# Exercise description
Set down each line of the material that follows, exactly, with no pictures.

# Material provided
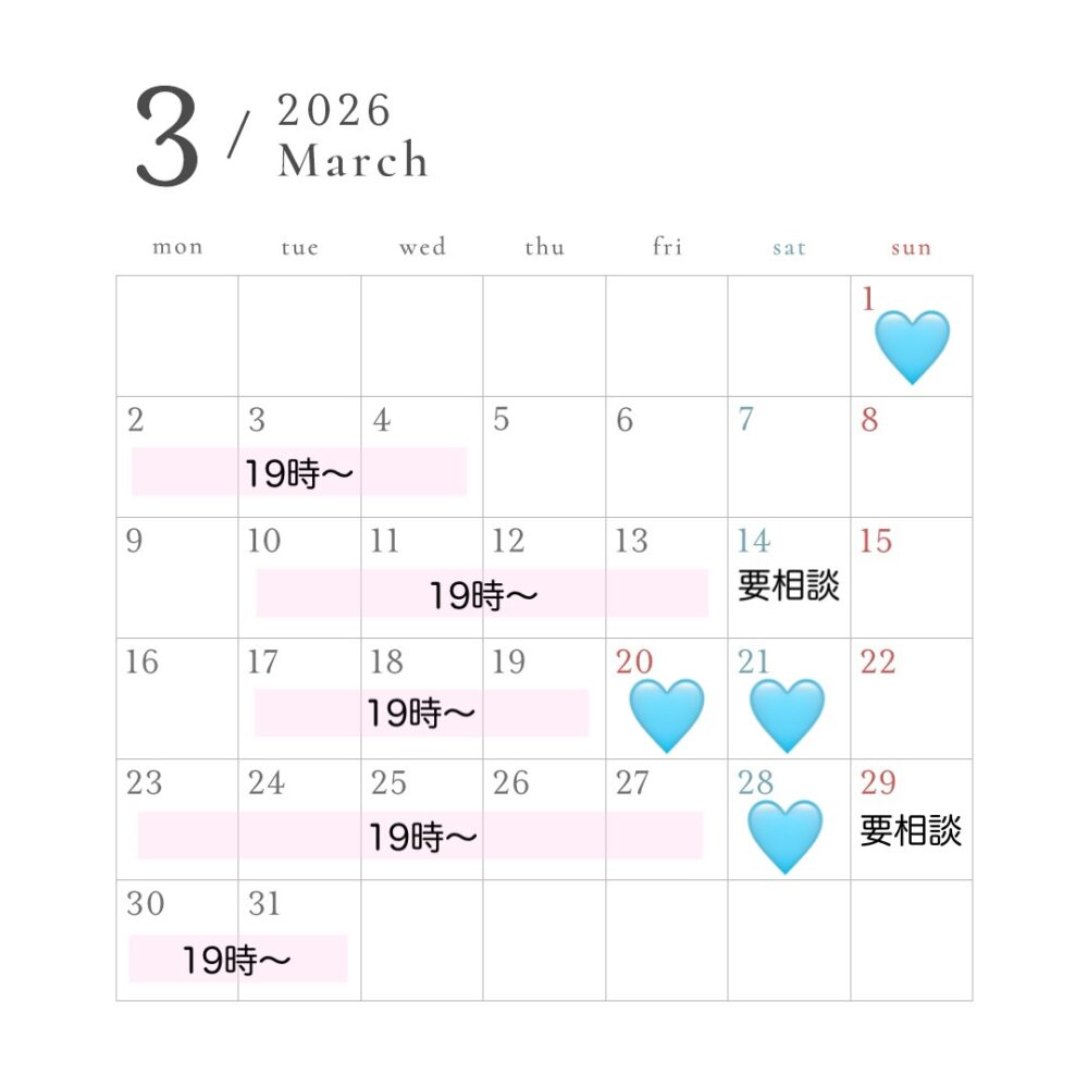 3月の予定表、まだ仮のところも多いのですが
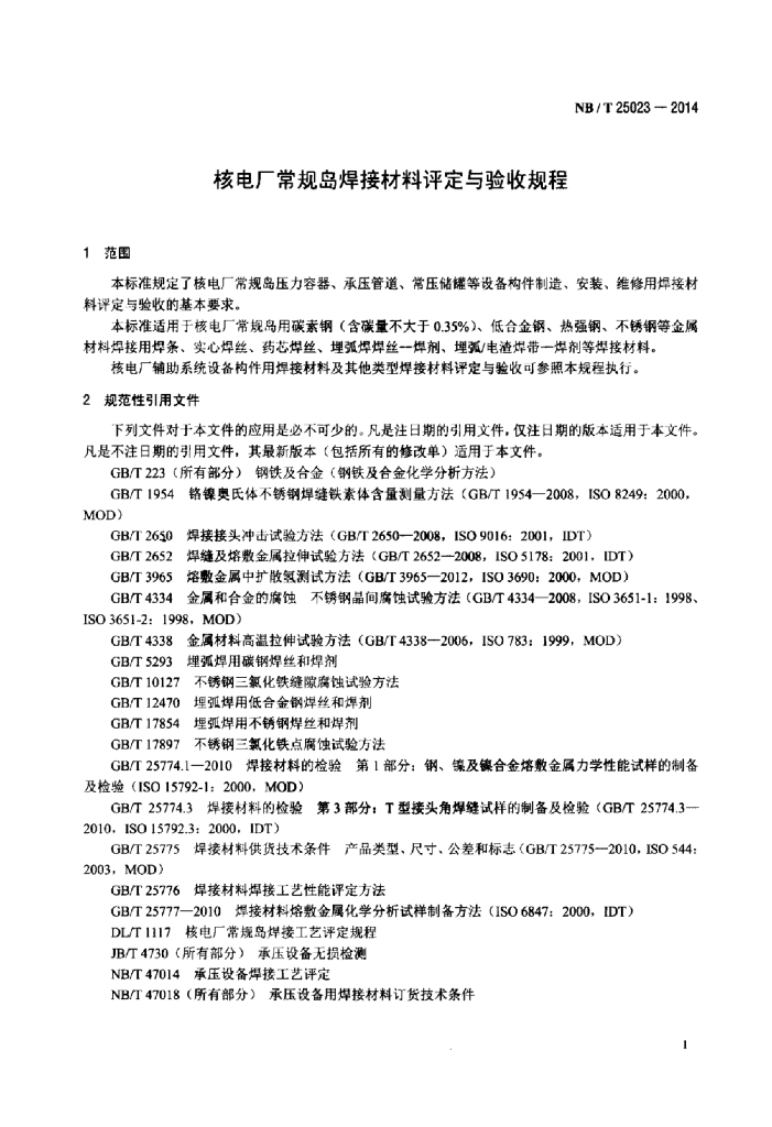 NB/T 25023-2014 核电厂常规岛焊接材料评定与验收规程
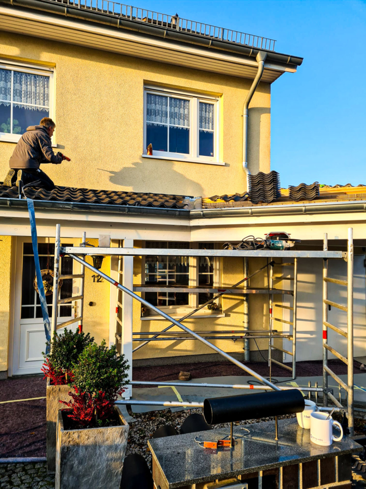 Im Biesdorfer Schmetterlingsviertel wurde mir die Aufgabe gestellt ein Vordach zu entwerfen und herzustellen. Die Schwierigkeiten dabei waren wenige rechte Winkel, angleichen der Dachkonstruktion an eine bestehende Garage. Ausgeführt habe ich die Fundamente, die Holzkonstruktion als auf die Eindeckarbeiten. Die Klempnerarbeiten hat mein Freund Sven Jänicke ausgeführt.
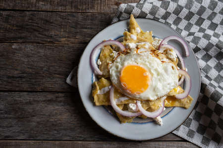 Chilaquiles, traditional Mexican breakfast. Copy space

# Response to the exercise
 3月の予定表、まだ仮のところも多いのですが
 NB/T 25023-2014 核电厂常规岛焊接材料评定与验收规程
 Im Biesdorfer Schmetterlingsviertel wurde mir die Aufgabe gestellt ein Vordach zu entwerfen und herzustellen. Die Schwierigkeiten dabei waren wenige rechte Winkel, angleichen der Dachkonstruktion an eine bestehende Garage. Ausgeführt habe ich die Fundamente, die Holzkonstruktion als auf die Eindeckarbeiten. Die Klempnerarbeiten hat mein Freund Sven Jänicke ausgeführt.
 Chilaquiles, traditional Mexican breakfast. Copy space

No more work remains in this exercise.